Às margens da estrada haviam os portões mirrados para as fazendas novas. Podia-se parar para pedir um pouco de água, ou em caso de viagens mais longas, conseguir uma hospedagem, geralmente paga com grãos.

É claro que nem Mikha e nem Pasha precisariam da ajuda dos vizinhos. Nunca se distanciaram muito de casa e nem pretendiam fazê-lo, pois existia certo senso de segurança que parecia rondar a isbá minúscula em que residiam.

— Podemos entrar na antiga casa dos Vozroditsky. Dizem que os fantasmas ainda vagam pelo local. Não seria emocionante? — propôs Mikhail após diversos planos descartados. O mundo pequeno caia aos poucos na mesmice.

Pasha enfiou as mãos nos bolsos do casaco que outrora pertencera a seu pai. Os ombros do rapaz encolheram-se diante ao nome dos falecidos vizinhos e um arrepio pavoroso lhe percorreu a espinha. Lembrou que o fantasma de Vozroditsky provavelmente conhecia seus pensamentos tidos como impuros e a culpa, até então obstruída pelo objetivo momentâneo, voltou a aparecer.

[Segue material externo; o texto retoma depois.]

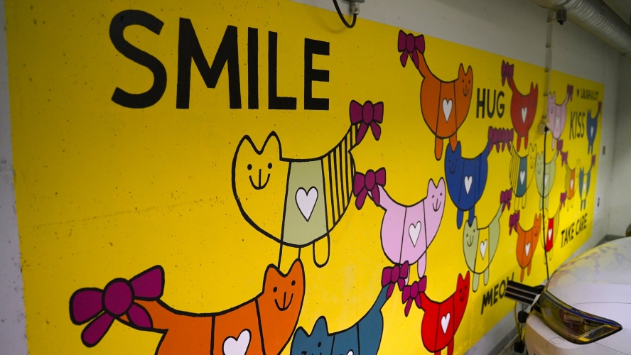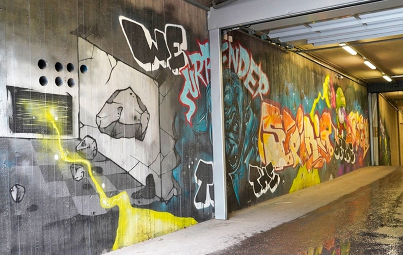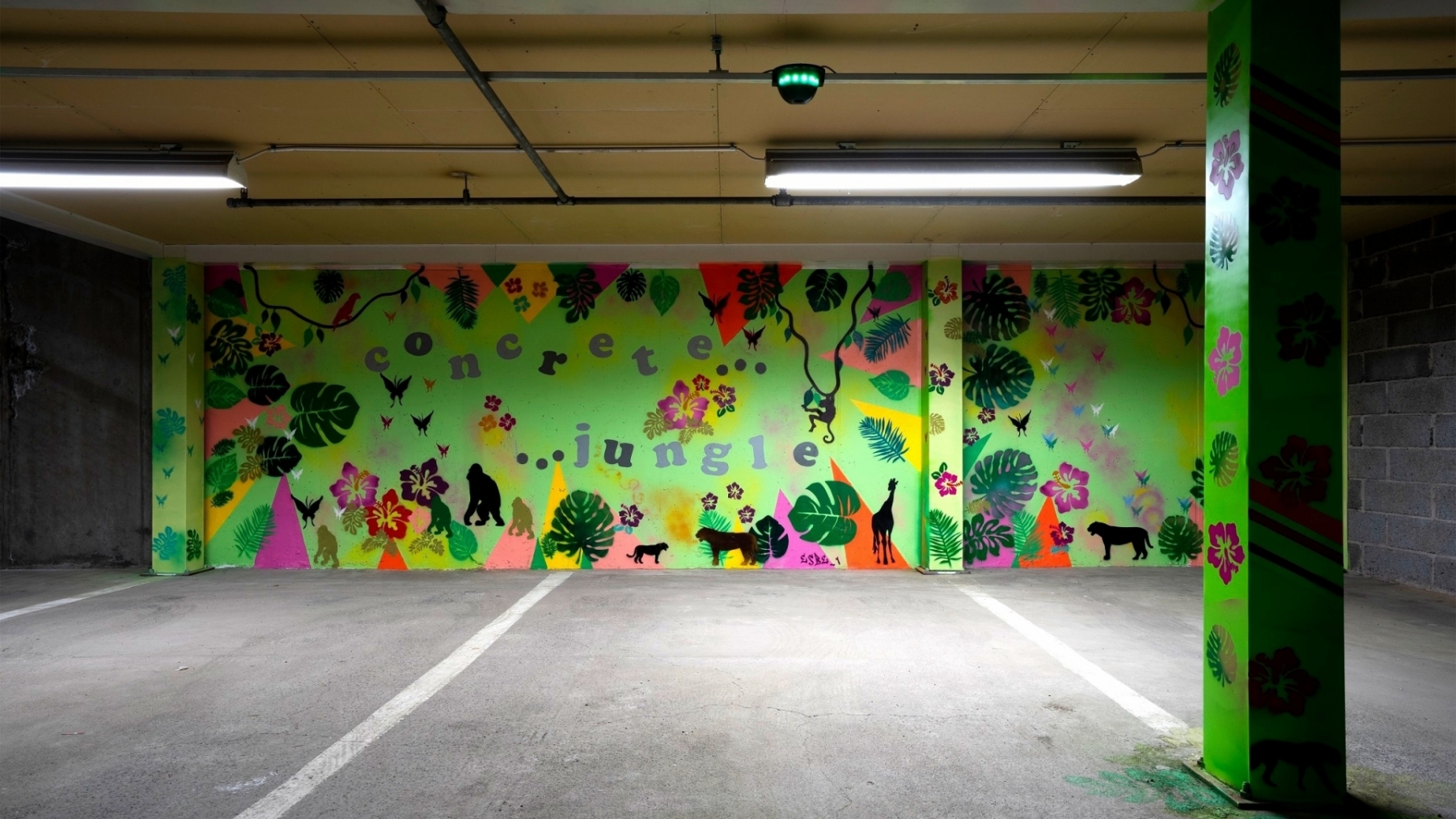 Seinämaalaus tuo harmaaseen tilaan väriä ja leikittelee betoniviidakko-ajatuksella. Viidakkoteema jatkuu seinältä lattialle ja läheisiin pylväisiin.

— O que há de emocionante em perturbar o descanso dos mortos? — indagou Pavel em tom repreensivo — deixe que fiquem em seus caixões! Os coitados já sofreram demais nesta vida.

— Pare de falar como Tânia. — respondeu o outro, retribuindo o tom de voz empregado pelo amigo

Ficaram em silêncio depois das réplicas, sem nunca deixar de caminhar. Passaram neste instante pela entrada que desembocava nas plantações e um único destino fez-se possível: o local onde outrora se encontrava a casa dos Karev.

Há muito tempo não se ia para aqueles lados da estrada, de forma que a relva, ressurgida de seu manto branco, tomava as pedrinhas demarcadoras e o caminho se estreitava sem os cavalos, as rodas e as lâminas das conduções.

Pinheiros, que retomavam sua cor original aos poucos, serviam como oficiais do exército, postados ao lado da tumba de um companheiro que recebe suas honras fúnebres, um último adeus, em direção ao lar de Mikhail Andreyevitch Karev, o garotinho que já não existia, bem como sua família.

— Você sabe onde essa estrada vai dar, não é? — perguntou um Pavel receoso, conforme avançavam pelo caminho que daria no nada que provavelmente restou do lar de infância de Mikha.